Le mot Homo est le nom du genre biologique qui regroupe toutes les espèces humaines. Le terme Homo, humain en latin, dérive d'une racine de l'Indo-européen commun *dʰǵʰm̥mō (« [chose / fils] de la terre »)[3]. Il a été choisi par Carl von Linné, dans sa méthode de classification de la nature, Systema naturae (édition de 1758)[2].
Georges-Louis Leclerc de Buffon critique le travail de Linné et ironise : « Dieu a créé, Linné a classé ». Pour sa part, son œuvre est organisée autour de l'homme, le classant en tant qu'espèce unique. Il introduit la notion de « dégradation des espèces », les espèces les plus nobles, sauf l'homme, pouvant subir des altérations au fil du temps[2].

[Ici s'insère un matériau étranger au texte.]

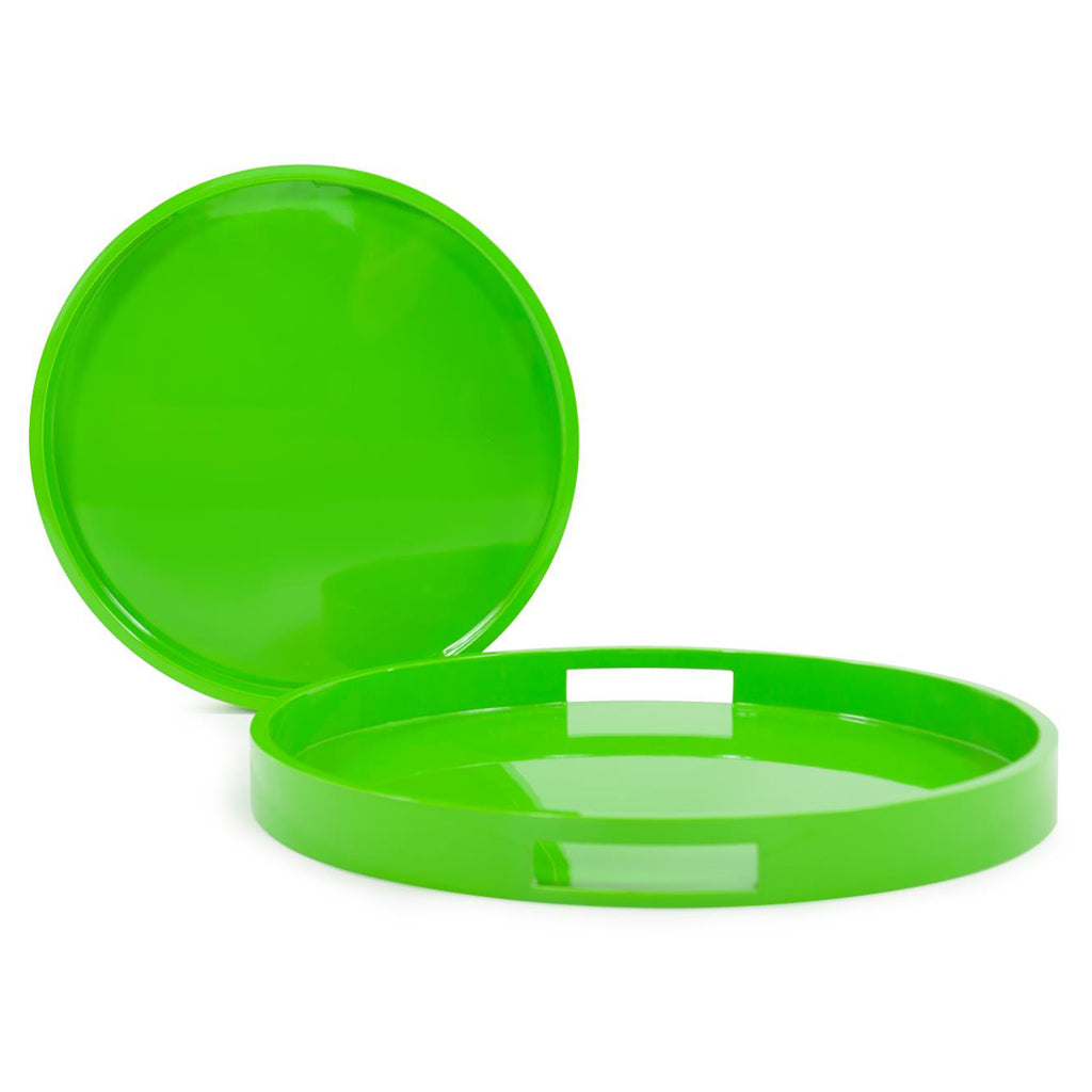 As soon as summer arrives, with it's warm breezes and bright sunny days, the beaches along the Mediterranean blossom with vibrant colors. From beach attire to accessories, everyone celebrates with a colorful display of casual coastal living. Our set of 2 round Saint Tropez trays in a beautiful summer color. These lacquered double handled wooden trays are hand crafted and finished by skilled artisans. Each of these trays will become not only your favorite accessory for the summer but year round as they add that pop of color to any special occasion.

Jean-Baptiste de Lamarck reprend la notion de dégradation en l'inversant : des espèces plus complexes émergent en fonction des changements d'environnement, selon un processus évolutif[4]. Il publie ses théories « positives » de l'évolution des espèces en 1802, dans Système des animaux puis dans Philosophie zoologique, en 1809. Il introduit les notions d'antériorité, de descendance, de généalogie des espèces et de transformisme[4].
Darwin
« Ainsi, l'Homme descendrait du singe. Pourvu que cela ne soit pas vrai. Mais si cela devait être, prions pour que cela ne se sache pas. »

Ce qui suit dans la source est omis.